The original copy of a will, in most cases, is kept in the safe of the attorney who prepared it. This is highly desirable, since it may save complications later. The client receives two copies, one of which may be put into his or her own safe deposit box. However, there could be a legal delay in getting this copy at his or her death. The third copy, therefore, should be kept at home where it is readily accessible.

Some of your important papers, such as investments, are of a business or financial nature. Certificates for securities are non-negotiable (can't be sold or legally transferred) until they are signed by the owner. Nevertheless, such certificates can be lost or stolen, and the signature can be forged. In either case replacement involves both cost and delay. Such certificates then, when not left with the broker, should be kept in the owner's safe deposit box.  Government bonds can be replaced without cost, but there will be a delay of several months. So it is best to keep these in the box also. Among other investment-type documents that require safekeeping are papers that serve as proof of ownership, such as deeds for real estate, other mortgage papers, contracts, automobile titles and leases.
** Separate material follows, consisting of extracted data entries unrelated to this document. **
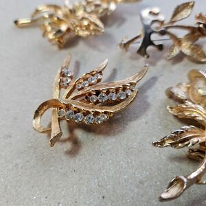 Collection of vintage gold-tone floral brooches features a variety of botanical designs, including roses, lilies, and abstract blossoms.
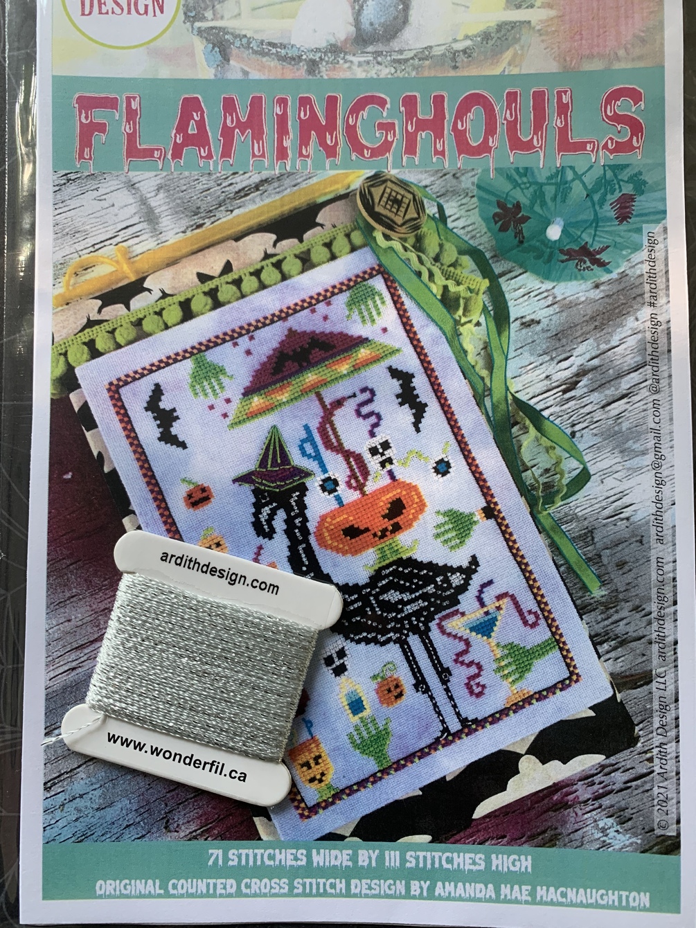 Flaminghouls Printed Chart & Spool Card Set: Cross Stitch Chart and 20 yard GlaMore spool card
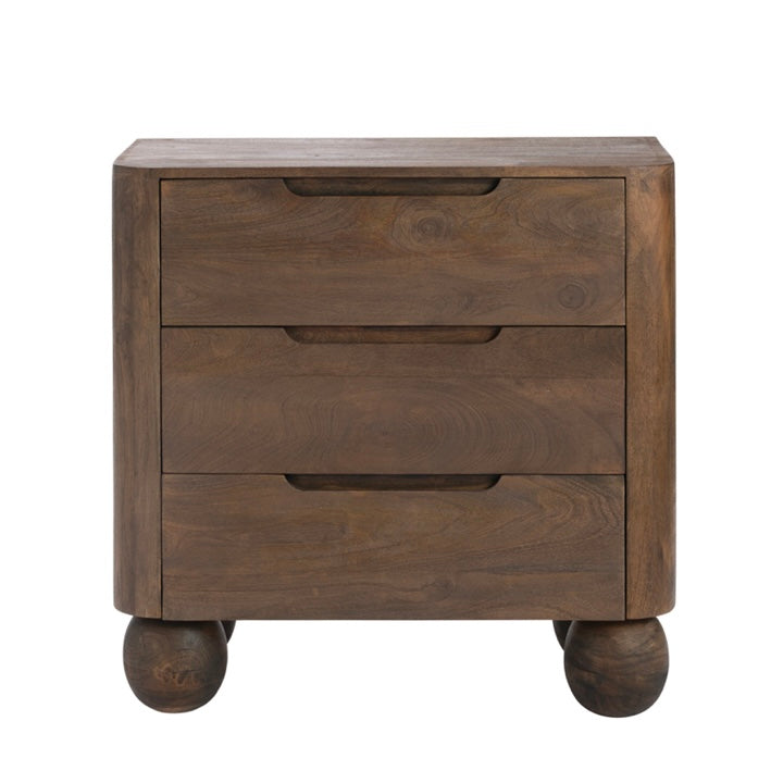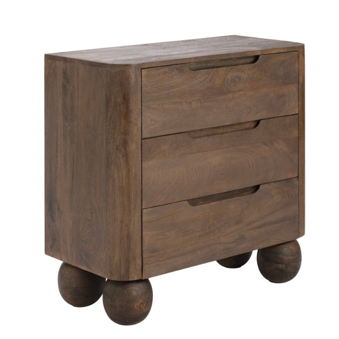 Crafted from solid mango wood, the Shibui Light Brown Chest of Drawers blends natural warmth with contemporary design. Featuring softly curved edges and distinctive statement ball feet, this wooden chest brings sculptural detail and modern character to any bedroom or living space.
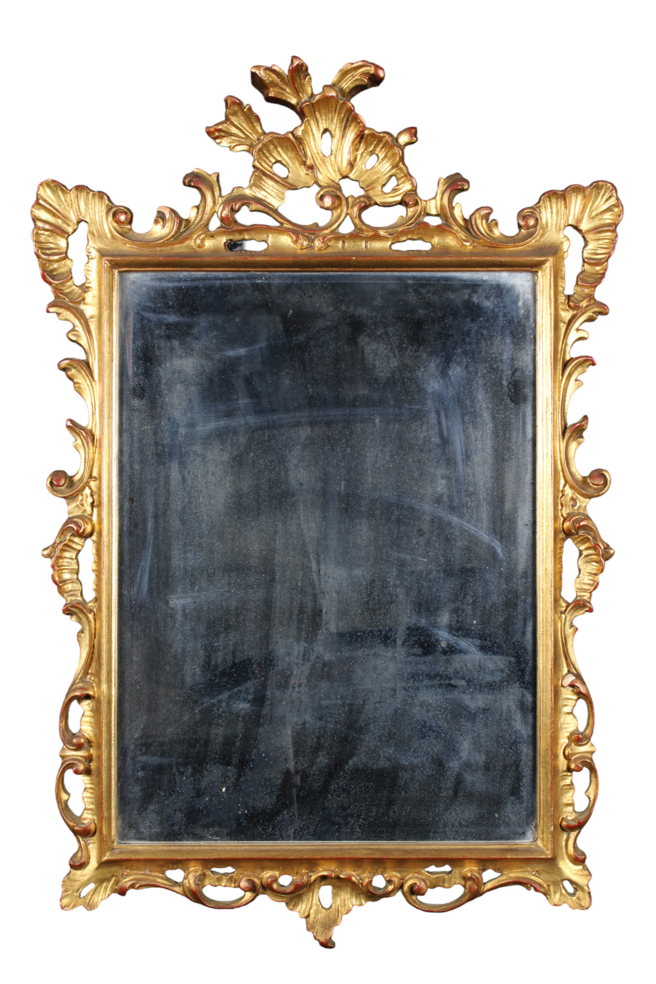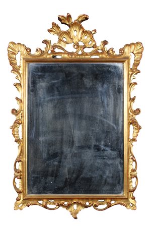 SPECCHIERA in legno finemente scolpito e dorato di gusto settecentesco Venezia fine XIX secolo h cm 83 x 90
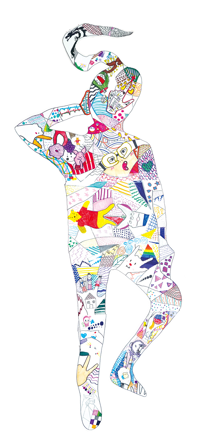 신민철 외 3명(학생 작품) 자유롭게(종이에 유성 매직, 채색 도구/165×77cm/2023년)
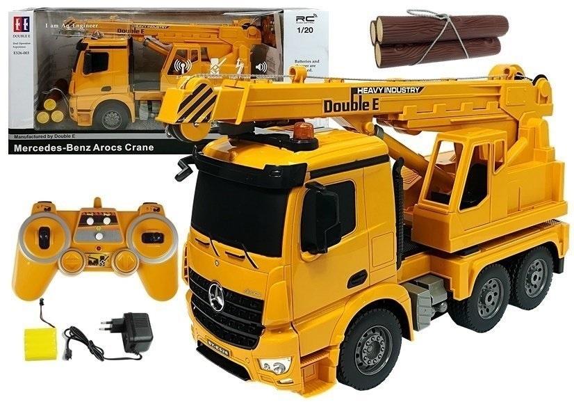 Dźwig Mercedes-Benz Arocs Zdalnie Sterowany Pilot 2.4G z Drewnem Przedstawiamy zdalnie sterowany Dźwig Mercedes Benz, który jest doskonałym prezent dla tych, którym zwykła jazda już nie wystarcza. Prezentowana zabawka może jeździć do przodu, do tyłu, skręcać na boki ale posiada także funkcją zdalnego sterowana wysięgnikiem i hakiem jak również obrót kolumny wysięgnika w zakresie 360 stopni. Krótko mówiąc mamy do czynienia z w pełni funkcjonalną maszyną, gotową do pracy. Rewelacyjne oświetlenie i koguty na dachu świetnie się prezentują w ciemniejszym pomieszczeniu. Podczas jazdy dźwig wydaje niezwykle realistyczny dźwięk syreny alarmowej. Pojazd zaopatrzony jest w ogromne 6 cm koła. Dodatkowym atutem urozmaicającym zabawę są dźwięki generowane przez model, działające światła oraz tryb demonstracyjny, zaprogramowana z góry sekwencja zachowania modelu. Warto także wspomnieć o systemie automatycznego wyłączania zabawki w przypadku długiej bezczynności, nie musimy się martwić, że pozostawiony w trakcie zabawy model rozładuje się do końca. Po uruchomieniu, słychać pracę silnika, palą się świtała z przodu i z tyłu w trakcie cofania. Cechy charakterystyczne: - Skala: 1:20 - Nadajnik: 27MHz - Czas ładowania: do 5 godzin - Czas zabawy: do 15 minut - Zasięg pilota: do 15 m - Długość wysięgnika: około 58 cm - Prędkość: około 2,5 km/h - Bardzo realistyczny odgłos pracy silnika w pojeździe - Podnoszenie i wysuwanie ramienia dźwigu - Obracanie korpusu o 360 stopni - Świecące światła w trakcie jazdy z przodu - Świecące światła podczas cofania z tyłu wraz z czujnikiem cofania - Świecące koguty z odgłosem syreny - Gumowe opony - Ustawienie zbieżności kół - Długość ramienia dźwigu około 51 cm - Długość liny z hakiem około 40 cm Elementy zestawu: - Dźwig Mercedes-Benz - Trzy drewniane bele - Pilot do zdalnego sterowania - Akumulator 4,8V 400mAh - Ładowarka do akumulatorka - Instrukcja obsługi Wymiary dźwigu: 39 cm x 21 cm x 14 cm Wymiary pudełka: 57 cm x 26.5 cm x 19 cm Dźwig zasilany jest akumulatorkiem 4,8 V (w zestawie), natomiast pilot do zdalnego sterowanie potrzebuje dwóch baterii AA 1.5 (brak w zestawie). Pojazd przeznaczony jest dla dzieci powyżej 6. roku życia. Zestaw zapakowany jest w kartonowe pudełko z przezroczystą witrynką, dzięki czemu idealnie nadaje się na prezent.
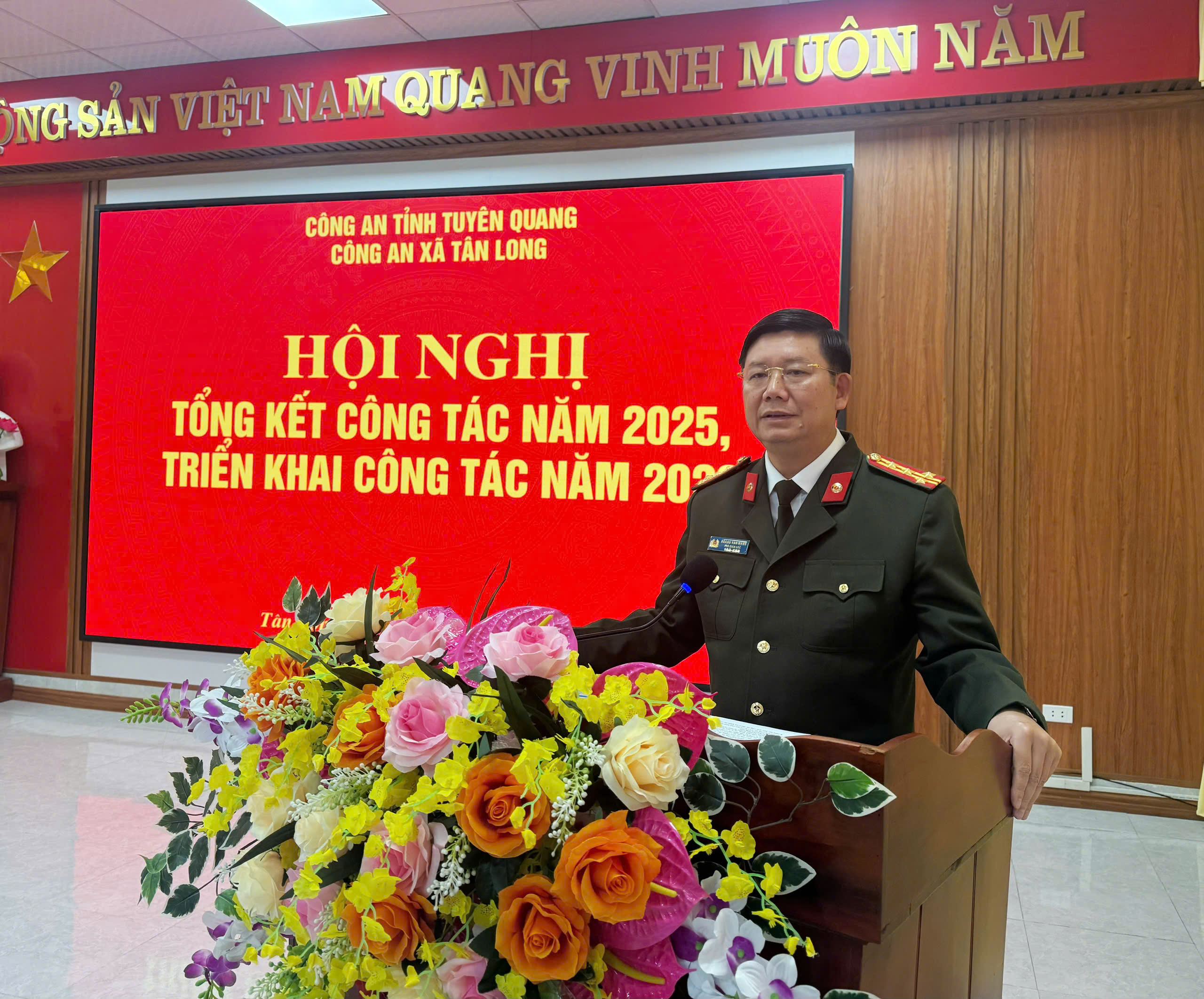 Tại hội nghị, đồng chí Đại tá Hoàng Văn Mạnh, Uỷ viên Ban Thường vụ Đảng uỷ, Phó Giám đốc Công an tỉnh đã phát biểu chỉ đạo, đồng chí ghi nhận những kết quả đạt được của tập thể lãnh đạo, chỉ huy Công an xã Tân Long trong thực hiện các nhiệm vụ công tác năm 2025, đồng thời, đồng chí cũng thẳng thắn chỉ ra các mặt hạn chế, thiếu sót cần tập trung khắc phục, định hướng 09 nhóm nhiệm vụ cần tập trung thực hiện để hoàn thành thắng lợi các mục tiêu, nhiệm vụ được giao trong năm 2026.
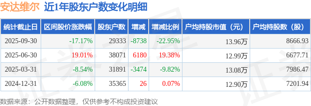 从股价来看,2025年6月30日至2025年9月30日,安达维尔区间跌幅为17.17%,在此期间股东户数减少8738.0户,减幅为22.95%。
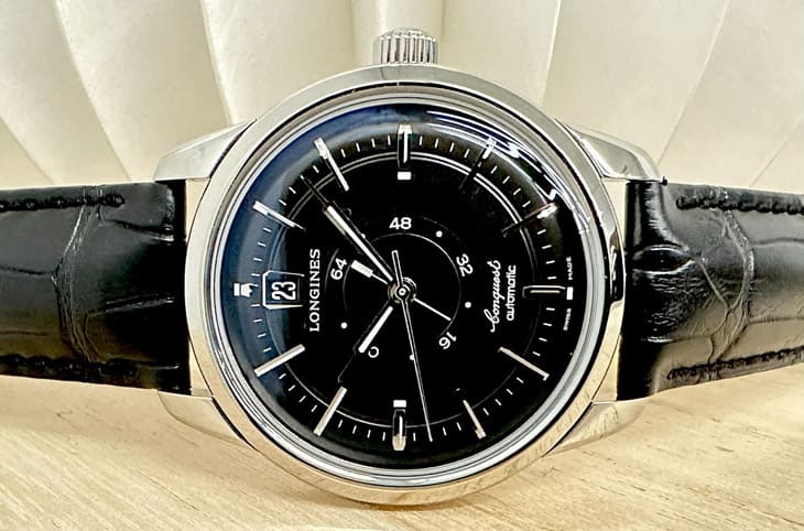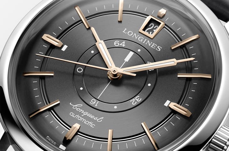 Conquest Heritage中央动力储存显示腕表并未採取限量发行,而且表壳材质一律採用入门并耐用的不锈钢,可是浪琴表仍旧展现满满诚意一口气延伸出香檳色、无烟煤色或黑色等三种面盘款式,除了无烟煤色面盘配置灰色皮革表带外,另外两种顏色也都同步用上黑色皮革表带。三款Conquest Heritage中央动力储存显示腕表的大三针格局面盘完整反映系列倍受市场推崇的简约精致设计哲学,包括摩天大楼造型时、分针,少见设置在12点方向的梯形边框日期窗,以及立体镶嵌金属时标等细节,在面盘上呈现出丰富的立体层次,品牌仿效Ref.9028的设计,以一圈环线刻纹串连时标,在刻纹外侧另印上分钟刻度,使得佩戴者能够清楚区辨时间资讯;值得一提的是,浪琴表依据不同面盘顏色,也会将时标与指针镀上相异的色彩,塑造出不同视觉个性,如香檳色配黄金色、无烟煤色配玫瑰金色,而黑色则是配上银色,由指针、时标和面盘顏色显现的对比感,提供一目瞭然的阅时效果。腕表于面盘6点方向印有草写的"Conquest"字样与传统样式的automatic字样,画龙点睛地强化其灵感来自早期经典杰作的复古灵魂。

If you don't have a safe deposit box, then consider getting one. The yearly rental, at your bank or credit union, is inexpensive. Often the smallest size is adequate, though larger sizes are available at slightly higher charges. If you do have a safe deposit box, ask yourself if it is large enough to hold everything that should be in it-and small enough to keep out things that don't need to be there. If you store documents from investment properties or securities, the rental can be claimed as a deduction for income tax purposes. The box should not be used as a catchall for souvenirs and unimportant papers.

How to get a safe deposit box 

Most banks and credit unions offer safe deposit boxes. If you are already a customer or member of a bank or credit union, it’s probably easiest to simply ask that bank or credit union about their safe deposit boxes. If you don’t currently use a bank or credit union, opening a safe deposit box is easy to do at the same time that you open your checking or savings account. However, if you don’t yet have any of these important documents, or if you are a minor and your parents keep the documents for you, it’s probably best to wait as there is usually a monthly charge.

A guideline as to what goes in and what stays out of your safe deposit box might be: Put it in if you can't replace it or if it would be costly or troublesome to replace. Many items can be replaced rather easily. Copies of insurance policies can be obtained from your insurance companies. Copies of cancelled checks are usually available at your bank. Generally speaking, you do not need to keep the following in a safe deposit box: income tax returns, education records, employment records, bankbooks, social security cards, guarantees, and burial instructions.